Adaptive Scheduler — flexibility вместо fixed parallelism
Default Scheduler в Flink требует, чтобы все запрошенные slots были выделены до start обработки. Если запросили parallelism=32, но cluster может дать только 24 — job не запускается. Это блокирует гибкое использование ресурсов: при capacity changes job либо ждёт, либо fails.
Adaptive Scheduler (FLIP-160, GA в Flink 1.15) меняет parallel-это: job announces required resources, начинает с тем, что есть, потом dynamically increase/decrease parallelism. Это foundation для Reactive Mode и autoscaling. В этом уроке разбираемся, как работает Adaptive Scheduler внутри, какие state machines использует, и почему это foundational change в Flink runtime.

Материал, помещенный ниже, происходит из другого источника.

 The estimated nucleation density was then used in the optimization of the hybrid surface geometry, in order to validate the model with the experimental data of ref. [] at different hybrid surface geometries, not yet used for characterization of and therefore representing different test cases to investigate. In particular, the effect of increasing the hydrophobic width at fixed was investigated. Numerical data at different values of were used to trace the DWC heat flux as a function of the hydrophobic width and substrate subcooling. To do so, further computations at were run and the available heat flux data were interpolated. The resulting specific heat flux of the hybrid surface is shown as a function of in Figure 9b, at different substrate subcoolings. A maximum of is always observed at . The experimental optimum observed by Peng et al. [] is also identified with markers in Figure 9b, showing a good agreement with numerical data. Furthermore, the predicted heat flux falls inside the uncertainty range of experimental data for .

Adaptive Query Execution в Spark: runtime адаптацияDefault Scheduler: fixed model
Default Scheduler workflow:
1. SQL/code требует parallelism = 32
2. JobGraph submitted в JobManager
3. JobManager строит ExecutionGraph
- 32 ExecutionVertex per JobVertex
4. SlotPool.requestSlots(32)
5. ResourceManager allocates 32 slots
6. Если cluster может дать только 24:
a. Wait для resource manager (минуты)
b. Если timeout — fail job
7. Когда 32 slots available -> deploy
8. Job runs
Problems:
- All-or-nothing: или 32 slots, или fail
- Slow start при cluster contention
- Rescaling требует stop + restart с новым parallelism
- No reaction к changing capacity
Adaptive Scheduler: flexible model
Adaptive Scheduler workflow:
1. SQL/code requests parallelism = 32 (или "max")
2. JobGraph submitted в JobManager
3. AdaptiveScheduler анонсирует:
- Required slots: 32 (preferred)
- Minimum slots: 4 (start threshold)
4. ResourceManager allocates slots по мере доступности
5. Когда minimum reached (4 slots) -> start job at parallelism 4
6. Если new slots arrive (cluster scales up):
- Trigger rescaling (без full restart)
- Job continues at new parallelism
7. Если slots fail (TaskManager dies):
- Continue at reduced parallelism
- Wait для replacement slots
- Rescale up когда available
Advantages:
- Job starts при minimum resources
- Adapts к available capacity
- No fail при cluster contention
- Foundation для autoscaling
Архитектура: State Machine
Adaptive Scheduler — finite state machine. Каждое state представляет phase job lifecycle:
States:
Created -- начальное, после submission
Waiting4Resources -- ждём minimum slots
Executing -- job actively running
Restarting -- recovery после failure
Failing -- terminal: job failed
Finished -- terminal: job complete
Cancelling -- user requested cancel
StopWithSavepoint -- graceful stop
Transitions:
Created -> Waiting4Resources
Waiting4Resources -> Executing (when minimum slots available)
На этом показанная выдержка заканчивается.